1 de septiembre de 2018 Кавказский заповедник Фишт ~2 min de lectura
Leer
Ensayo Otoño · Noche 1 de septiembre de 2018

Ya era de noche, y se oscureció muy rápido. Terminé las últimas nueces, y se me acabó toda la comida. Hasta el refugio Partizanskiy caminé ya en una oscuridad casi total. En la loma que lleva al refugio me pareció que alguien rondaba por ahí, vi una silueta moviéndose. ¿Un oso? Me quedé paralizado, y luego empecé a retroceder con cuidado. Después me detuve y me puse a observar. Pasaron unos 10 minutos y esa criatura emitió su primer sonido. Era un caballo...
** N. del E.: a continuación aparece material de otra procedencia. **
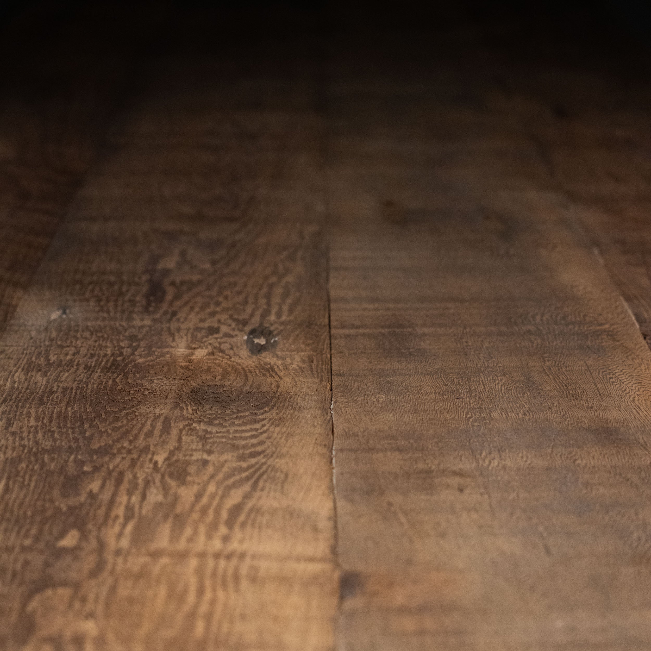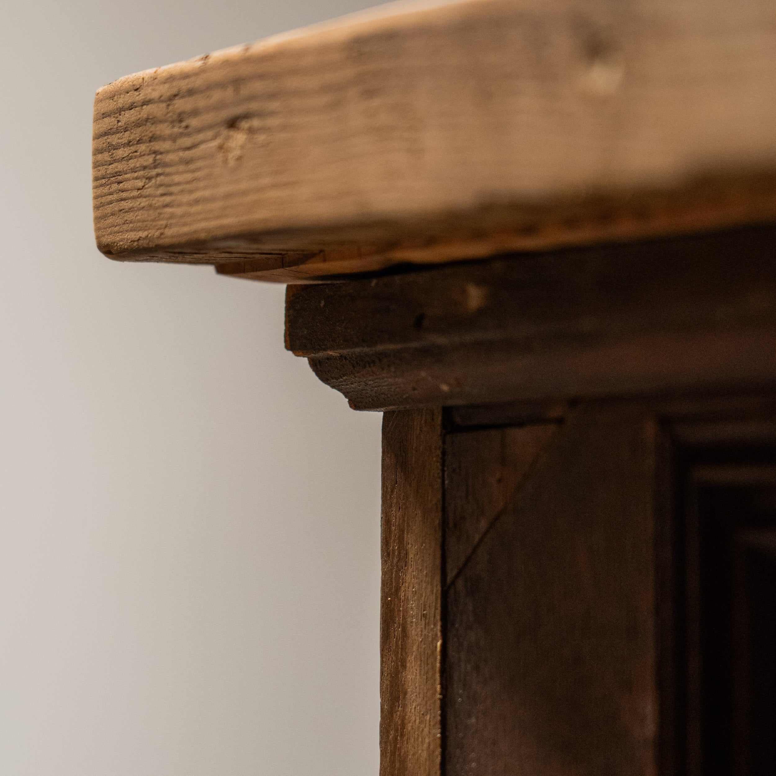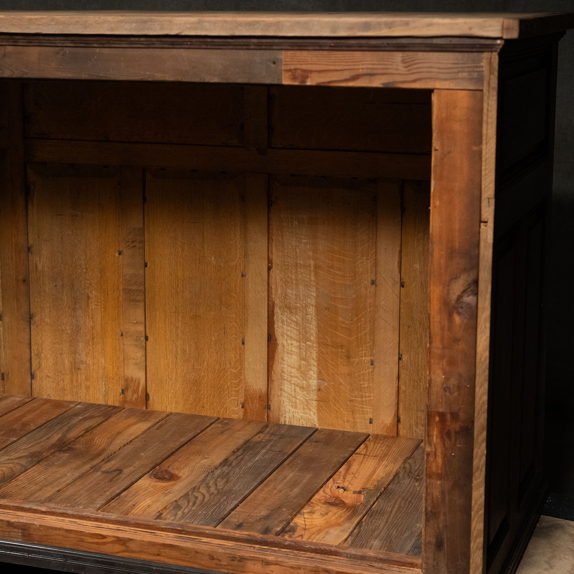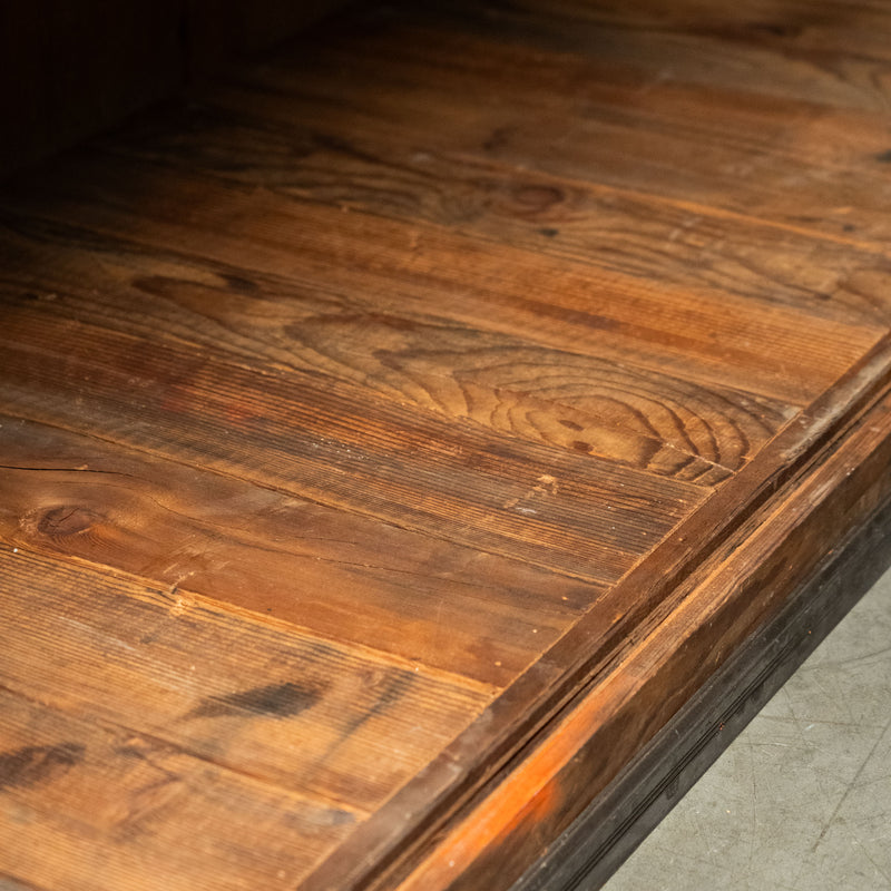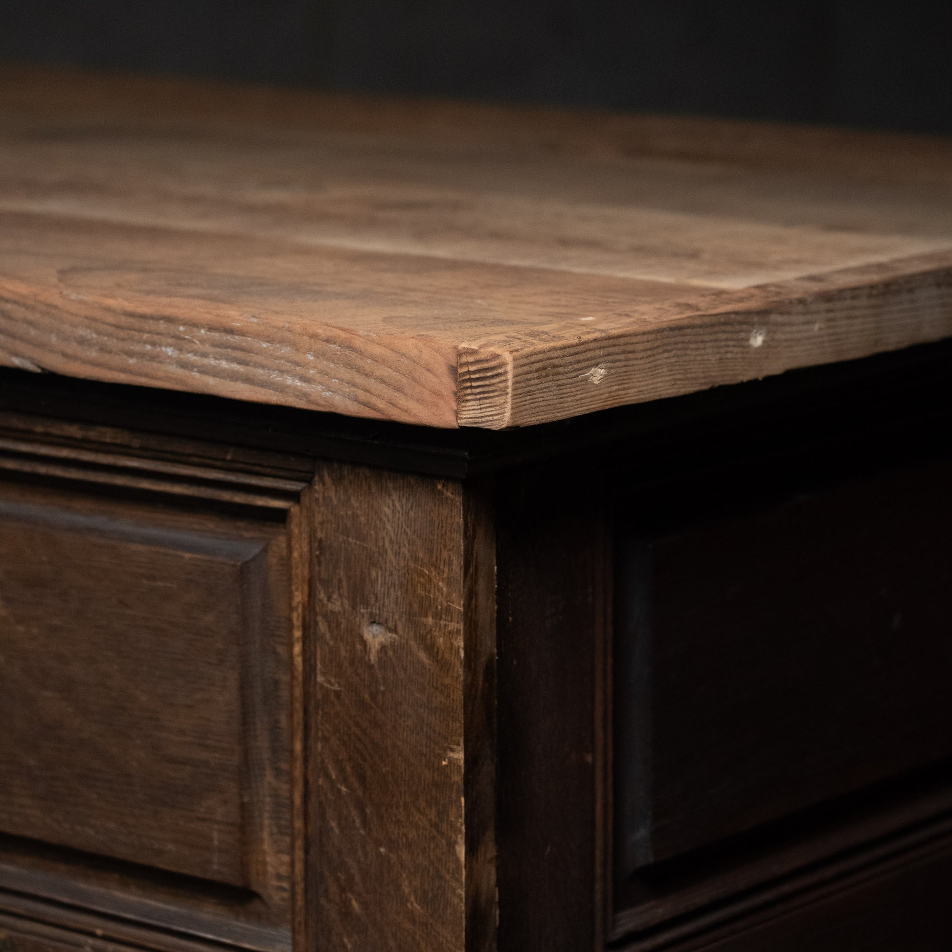 Multi panel oak counter found in a building on 27th Ave in Manhattan. We were required to take the piece apart in order to get it out of the building. Panels retain an old finish with a new solid reclaimed wood top.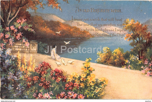 Carte de voeux d'anniversaire - Un vieux souhait d'anniversaire - illustration - carte postale ancienne - Royaume-Uni - utilisée

Me quedaban los últimos 18 km por recorrer. Fue ahí donde ocurrió el encuentro final y verdadero con un oso adulto. Para entonces ya me había resignado a que en esta caminata ya no iba a procesar el miedo. Es más, ya no estaba preparado para eso, no tenía energía. La adrenalina se había agotado, estaba terriblemente cansado... Ya cuando iba por los senderos montañosos, se me

enredaban las piernas hasta tal punto que no siempre estaba seguro de si podría subir la siguiente montaña... Como siempre, me puse a cantar mi canción de caminata favorita, «Bateréika», para no toparme sin querer en la oscuridad con alguien peligroso y grande. La vista de los osos es mala, pero el oído y el olfato son buenos. Durante una hora canté la canción a voz en cuello, hasta que me empezaron a cansar las cuerdas vocales... Al final cambié de táctica. Empecé a gritar fuerte «1-2-3-4», y después de eso seguían cuatro palmadas fuertes. Luego otra vez «1-2-3-4», y después palmadas de nuevo. Así se formó un ritmo. Y todo el camino restante lo recorrí con ese ritmo, que me sostenía a mí, y yo a mi vez lo sostenía a él. El ritmo me ayudaba, me hacía más resistente. A veces notaba que, gracias solo al ritmo, seguía caminando y todavía no estaba en posición horizontal solo gracias a él — al ritmo... El camino era sinuoso, a veces la luz de la Luna se perdía y la oscuridad se volvía total, y a veces había suficiente luz para distinguir lo que tenía delante. Daba miedo caminar solo, sabiendo que probablemente no estaba solo ahí. A veces algo me perseguía desde el borde del camino. Corría y corría, luego de repente se detenía y abandonaba la persecución y se metía al bosque. Y yo seguía adelante con mi ritmo. A veces se oían unos gritos extraños y desgarradores desde el bosque. No se parecían mucho a pájaros, pero seguramente eran pájaros. Quizás de noche gritan de otra manera.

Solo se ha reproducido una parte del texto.